What Visitors Will See Inside

The CMLC features five distinct exhibit areas, each offering a unique experience. Start with the Marine Mammal Gallery, which houses the complete skeletons of a 23-foot orca and a 35-foot California grey whale. Skulls and bones of smaller whales, sea otters, and seals are also on display, and large windows look directly out over the harbor, where real harbor seals and sea lions often make an appearance. Spotting scopes let you scan the bay for seabirds and distant activity out on the water.

An older woman views a large whale skull on display at the Charleston Marine Life Center, surrounded by marine mammal skeletons, mounted seabirds, and interpretive panels in a bright gallery space.

The Underwater Oregon Gallery takes a different approach. Using a touchscreen, visitors can select dive sites off the Oregon coast and see what lives in the deep water below the surface. Spend a few minutes exploring, and you’ll encounter marine life most people have never seen, or even heard of, before.

The Marine Ecosystem Gallery is where kids (and plenty of adults) tend to linger longest. It’s an aquarium gallery filled with local aquatic life, including a giant Pacific octopus, and it features a shallow touch tank where you can gently handle starfish, hermit crabs, and other tide-zone creatures. It’s hands-on in the best possible way.

A woman looks closely at a marine aquarium tank filled with colorful sea anemones, coral, and other ocean life at the Charleston Marine Life Center.

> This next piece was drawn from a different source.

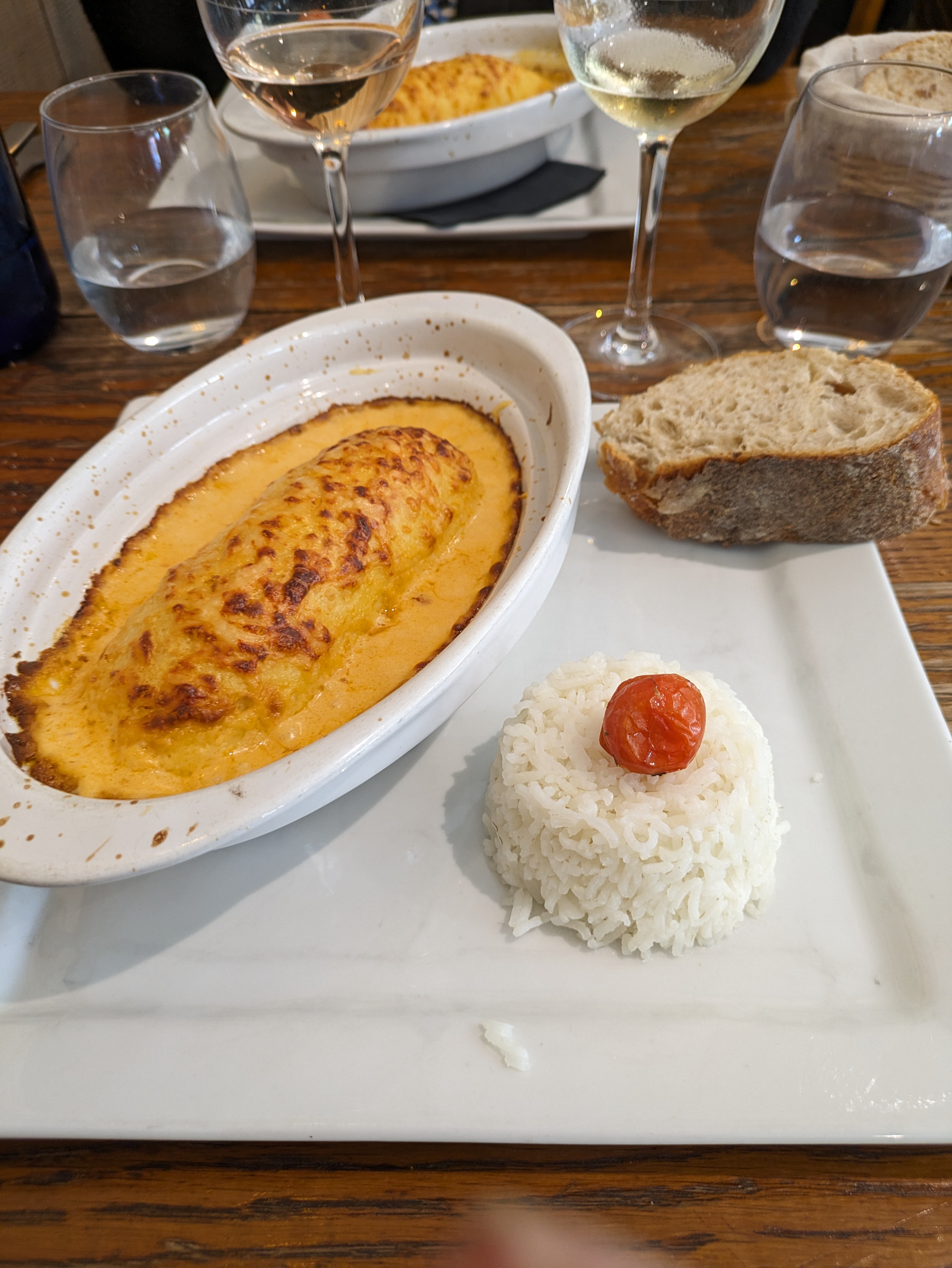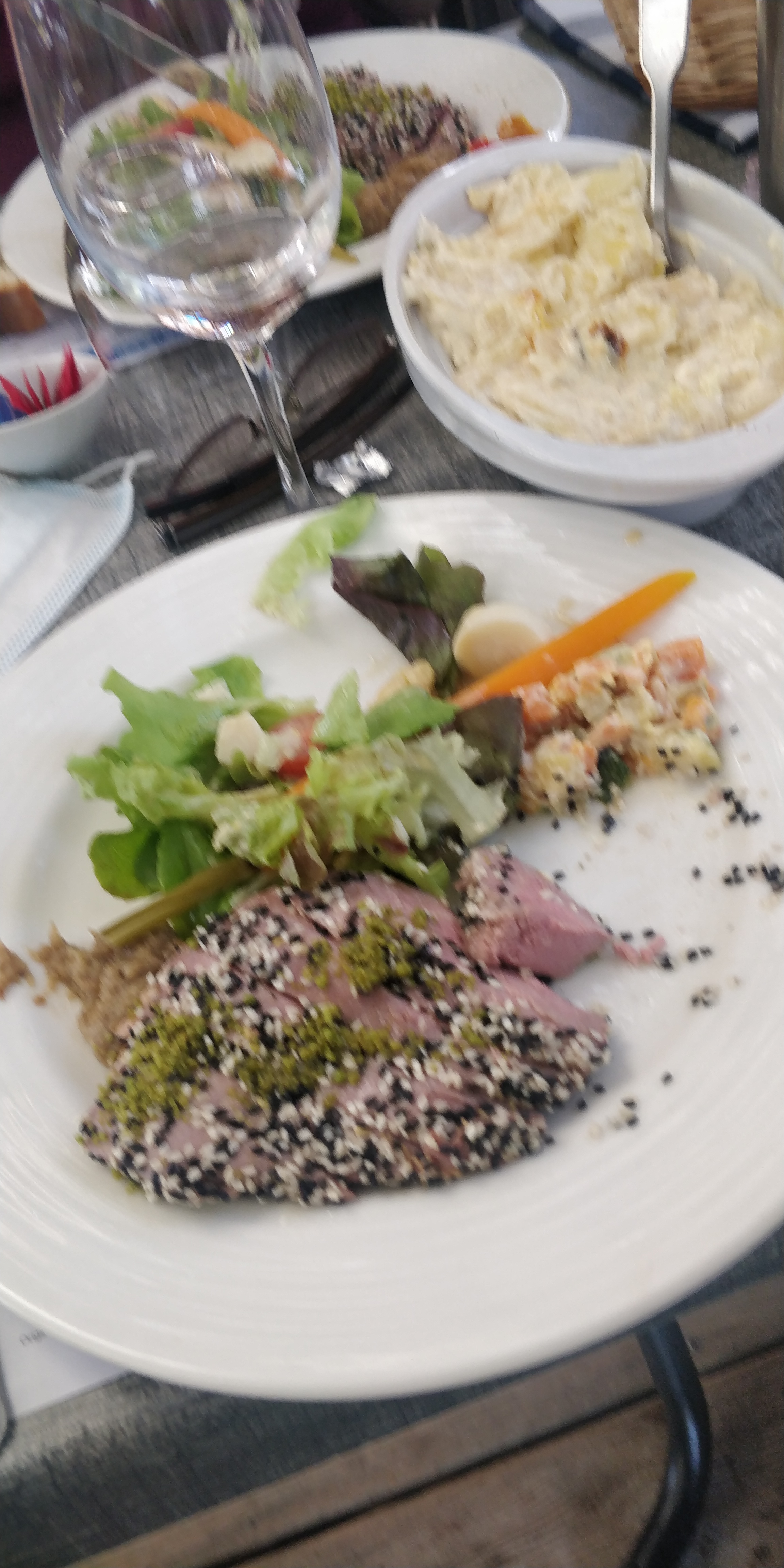 Nous avons attendu très longtemps, le service était laborieux et mal coordonné (ils viennent plusieurs fois pour la même chose et ensuite plus rien, on ne comprend pas qui fait quoi mais c'est très long). Les portions sont petites, d'autant que ce jour-là, l'accompagnement proposé avec tous les plats était du gratin dauphinois ; étant allergique aux produits laitiers, j'ai demandé si je pouvais avoir autre chose, par exemple des frites ou du riz (avec du poisson). On m'a fait cette réponse surréaliste : on n'a pas de frites, on n'a pas de riz. Donc après la petite salade riquiqui en entrée, j'ai mangé mon plat sans accompagnement, en 4 coups de fourchette c'était fini... je suis allée manger 1 kg de fruits en sortant lol. Bref, si tu es allergique aux produits laitiers (allergie pourtant signalée à la réservation), tu es puni!

The Oregon Fisheries Gallery opens up onto an outdoor deck with a direct view of the working harbor. Watch fishing vessels come and go, and catch the occasional unloading of a fresh catch, sometimes with a sea lion nearby hoping for an easy meal. Interactive display panels explain fishing equipment, commercially important species, and the deep historical relationship between the Oregon coast’s marine life and the cultures that have lived alongside it for centuries.

And then there’s the 13-foot skull of a humpback whale, along with marine specimens collected by university researchers going back 50 years. The scale of it alone tends to stop people in their tracks.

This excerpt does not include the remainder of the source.